I’m really into writing my (still untitled) next work and I’m learning all sorts of things about myself in the process. They say the writing process is sometimes just as exciting as the end product and I have to say: I agree. In a matter of weeks, I’ve changed gears several times on this new work. I know the premise, I even have a good portion of it already written…but something kept bothering me.
I wasn’t being true to who I am as a writer.
I noticed that comments and reviews from my first work got into my subconscious and I was attempting to please everyone and play by the rules: but I’m not really a rule player.
There was one review on Goodreads about MISSING that said “I really liked the imperfection of the characters.” That one sentence really struck me because I love characters that are complex, flawed, and imperfect.
In my new work (which will have mystery and thriller elements), I was attempting to write a very romantic couple with no bumps in their relationship; all was right with the world, perfection.
It was boring me.
I’ve been in my own relationship for over ten years and I know that no relationship is perfect.
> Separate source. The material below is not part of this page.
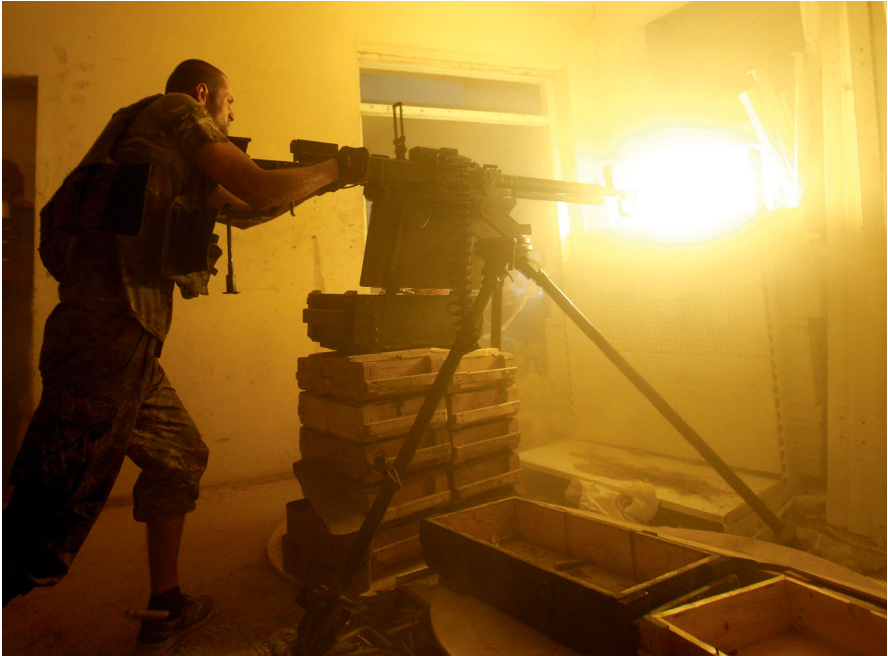
Десантник 122-го батальйону веде вогонь із ДШК під час бою в авдіївській промзоні. 24 червня 2016 року.

A soldier, 112nd battalion, is shooting DShK heavy machine gun, Adviiivka industrial area. June 24, 2016.

All marriages take work. Careers and other things get in the way and that ‘new love’ feeling changes. I see nothing wrong with exploring that aspect in writing as well. I did it in MISSING (and of course that bothered some readers) while others loved it. I need to continue to be the writer that I enjoy being. I’m going to sometimes write F’d up people who are trying to do right in the world and may not always be perfect.
I find that to be much more exciting to write.
And now I’m back to change my protagonist again. While I’m excited to finally see this entire story come together (and it may actually grow into a series the way it is going), I’m just excited to be discovering things about myself during the process.
Thankful I have some awesome people in my life that help point these things out to me.